Обычно мне нравится, когда он кричит. Меня возбуждает то, как у него срывается голос, как перехватывает дыхание. Но сейчас я смотрю на него через призму удручающих цифр. Я читаю письмо из банка. Еще один заем мне не получить. Это раздражает. А еще раздражает этот нарастающий крик. Стараюсь не обращать на него внимания. Хочу дать ему шанс выговориться. Излить на меня свое негодование. Но боюсь, моя чаша терпения уже переполнена. Больше я вынести не смогу.

Убираю письмо к остальной корреспонденции и делаю шаг ему навстречу. Он уже изрядно покраснел от своих излияний.

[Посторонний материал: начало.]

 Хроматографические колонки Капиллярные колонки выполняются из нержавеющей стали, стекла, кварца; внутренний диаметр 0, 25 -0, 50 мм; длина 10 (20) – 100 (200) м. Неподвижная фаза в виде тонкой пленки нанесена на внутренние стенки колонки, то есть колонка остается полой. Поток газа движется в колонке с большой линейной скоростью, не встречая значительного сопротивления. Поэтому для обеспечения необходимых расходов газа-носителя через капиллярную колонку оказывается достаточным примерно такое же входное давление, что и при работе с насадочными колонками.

Еще немного, и мне будет противно на него смотреть. С минуту я молчу, ощущая на лице маленькие капельки его слюны. На такие мелочи внимания он не обращает.

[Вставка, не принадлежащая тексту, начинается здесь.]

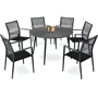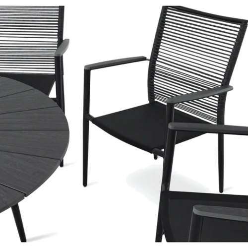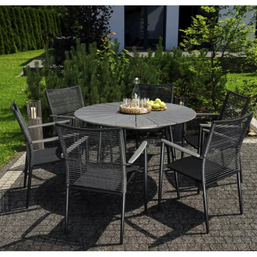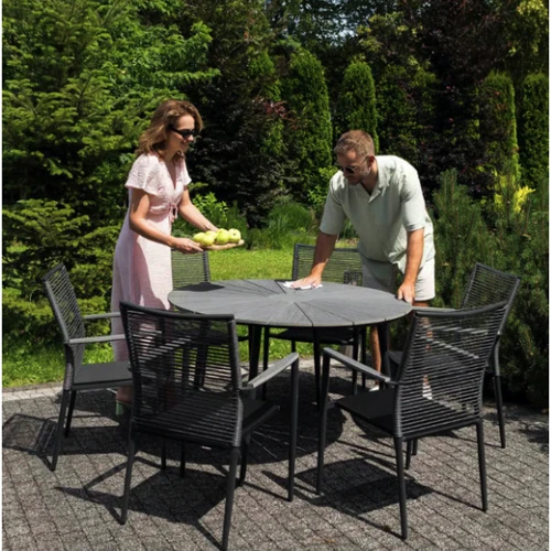 Arona - практичний та елегантний набір садових та терасних меблів. Круглий стіл та шість зручних крісел з підлокітниками ідеально підходять як для повсякденного проведення часу на свіжому повітрі, так і для барбекю та сімейних вечерь. Садові меблі Arona відрізняються сучасним дизайном і високоякісними матеріалами, завдяки яким стіл і стільці набувають естетичного вигляду і стійкості до вологи і погодних умов, що змінюються, в тому числі: дощ, УФ-промені або високі або низькі температури. Мінімалістичний стиль меблів, заснований на простоті форм та кольорів, обмежених класичним чорним та модними відтінками сірого, дозволяє вдало вписатися у будь-яке оформлення простору, як класичне, так і сучасне.

– Я с тобой разговариваю! – вопит Дикий, и я понимаю, что пришло время держать ответ.

Мой кулак с размаху бьет ему в челюсть. Костяшки пальцев начинают гудеть от боли, но при этом в каморке на мгновение наступает благодатная тишина. Я не свожу с него глаз. От неожиданности он едва не теряет равновесие. Он харкает на пол и громко ругается. Я жду его ответный ход. Дикий способен поднять на меня руку.

– Она еще совсем ребенок, – выдыхает он, вытирая губу.

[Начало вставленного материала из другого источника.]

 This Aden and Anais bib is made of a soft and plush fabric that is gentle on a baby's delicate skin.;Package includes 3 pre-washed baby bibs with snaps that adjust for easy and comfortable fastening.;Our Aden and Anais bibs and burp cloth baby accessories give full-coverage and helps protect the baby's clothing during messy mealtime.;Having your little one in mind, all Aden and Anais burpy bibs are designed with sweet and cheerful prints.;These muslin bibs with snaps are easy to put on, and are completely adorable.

Похоже, драться мы не будем. Жаль. Мне нужно выпустить пар. Придется искать другой способ.

– Хочешь это исправить? – спрашиваю я, все еще сжимая кулаки.

– Ты чокнулась? Мы с ней просто друзья.

В дружбу я не верю. Тем более в такую. Я спала со всеми, кого когда-либо считала своим другом. Даже если мы дружили не больше суток. Рон был как раз таким. Он должен был стать моим билетом в новую жизнь. Билетом, которым воспользовался кто-то другой. В груди клокочет ненависть и злость. Я никогда и ничего не забываю. И уж, конечно, не прощаю. Горечь воспоминаний обжигает горло, но я стараюсь сконцентрироваться на том, что происходит здесь и сейчас. Дикий смотрит на меня. Он ждет моего ответа.

– К черту эту шлюшку! Иди сюда! – командую я и, смахивая со стола все бумаги, тяну его на себя.

– Так нельзя. Понимаешь? – с трудом произносит он, пытаясь увернуться от поцелуев.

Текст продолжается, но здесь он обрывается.